Malta Police

Posted on Thurs, 2 February 2017 by Alyson Thomas
Posted in: Medal News
Malta Police The personal touch

IT IS with sadness that we hear of the passing of Phil Burman (see “News and Views”, page 6) one of the “Old Guard” of the medal hobby—a familiar face to those of us who have attended medal shows in the past few decades and a true gentleman in the best possible sense of the word. Phil would have seen a great number of changes in his years as a dealer, not least the advent of the internet; the new technology was something he embraced fully with his own dedicated website but never at the expense of the personal touch. Although the inevitability of aging slowed Phil down a little, and in recent years he simply couldn’t get to as many medal fairs as he used to, he always made an effort to attend at least the two Britannias and the OMRS Convention every year and I remember him telling me how important he felt it was to engage directly with his customers and how much he enjoyed it. He never shied away from new technology (even if he wasn’t directly responsible for its implementation in his business himself) but he never saw it as a complete alternative to dealing with his customers direct. He knew how important it was to “get out there” and keep his profile high amongst collectors and in the hobby at large and he viewed the internet as complementary to rather than in conflict with that aim. It is because of this attitude that he was a real person, someone we knew and respected, someone we saw at shows, chatted with and who felt was our friend—and it is why he will be missed by many of us. I do hope that he, and the others of the “Old Guard” aren’t the only ones who will be missed in the future, it worries me sometimes that as medal shops go, as fairs become fewer and more and more business moves on-line that we (indeed every hobby) is in danger of becoming impersonal, faceless and soon, when somebody “well known” in the hobby finally fades away, they won’t be that missed or mourned simply because they weren’t actually that well known at all, at least not by anything other than a funny user name or by their website address, as all their collecting/dealing and other interaction was done from behind a PC or tablet and never in person.

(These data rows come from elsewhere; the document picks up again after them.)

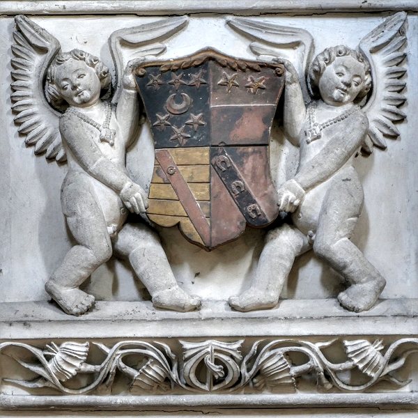 Boxgrove Priory: Engel tragen die dynastischen Wappen der Familie de la Warr an der Chantry Chapel ...
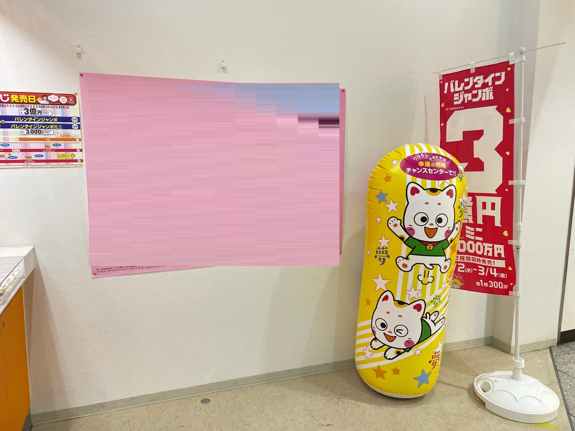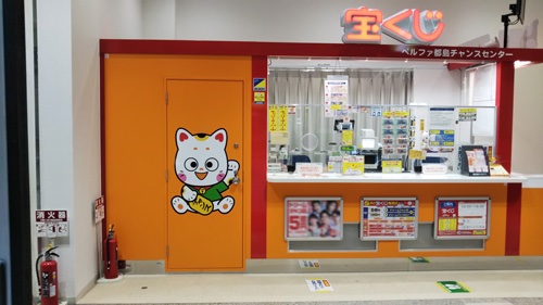 明るく開放的なスペースで落ち着いてゆっくり?宝くじを購入できる売場では、大きなパンチングPOPの「夢(む)~たん」が皆さまをお迎えしています。
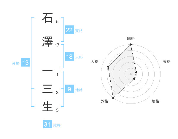 石澤 一三生さんを姓名の画数から五運を鑑定
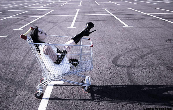 update: to avoid misunderstanding ->life is like a compulsive buying. The compulsive buying, symbolized by the shopping cart brings us time and (time) again to those places where a sunbeam more matters than articles of clothing from gucci, armani, etc. Hence the saying -> "life is like a compulsive buying, problem is that we buy most of the time the wrong things" In this moment, the person makes the right choice, she choose the light, an elementary requirement -> silence, safety and warmth. The person on the photo isn't the ware, she's the consumer in a life time compulsive buying.
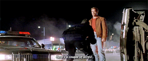 악당들이 처벌받지 않는 현실과 반드시 영웅이 악당을 응징하는 영화 속 세상을 대조시키기도 하면서 80년대에 흥행하던 여러 액션물 전체에 대해 비판과 찬사를 동시에 바치고 있습니다.

I don’t want to be maudlin for the first “Comment” of 2017 but I do want to try, once again, to encourage all of you out there to look beyond your computer screens and look at the hobby at large—Mark Carter is just about to take over London’s only medal fair, Britannia, so why not go along and visit? Or if you don’t want to head into the West End then go to the Bromley Fair on February 26 (you could do both of course!). If you can’t make it to London at all then get to Stratford in March or Aldershot in April. Not in the Midlands or the South? No problem! What about Andrew Jukes’ Outwood (Wakefield) show on the first Sunday of every month or the one at Bowburn on March 26? And don’t just restrict yourself to fairs—there are some wonderful medal shops out there still too—the Medal Centre in Hexham, DCM Medals in Shrewsbury, The London Medal Company in, er, London and a host of others. Maybe auctions are your thing, that’s great too but why not go along in person one of these days? Why not actually handle the lot you intend to bid on rather than just rely on a photograph? And then there are medal clubs and societies—don’t rely just on chat rooms to talk medals, go along to a meeting, go and hear some speakers talk to likeminded collectors in person!

Now I’m not, for one second, suggesting you shy away from on-line activities altogether (at least medal related ones!), far from it—I myself go on the medal forums, buy from on-line auctions, regularly check medal dealers’ websites etc., my hobby has been greatly enhanced by the internet but I am determined not to make it all about the computer—I know I’ve said this before, and I know I’ll say it again but I love this hobby, I really do, and for me it isn’t just about the acquisition of medals and the research that follows, it’s about the people, the fellow collectors, the friends I’ve made over the years—people I will miss greatly when they are gone. We always say we medal collectors differ from our numismatist counterparts in that we don’t just collect bits of metal but people and their stories—we would do well to remember that there are also people and stories all around us in the hobby today, let’s not lose sight of that, or them, just because it’s easier to stay at home and stare at a screen.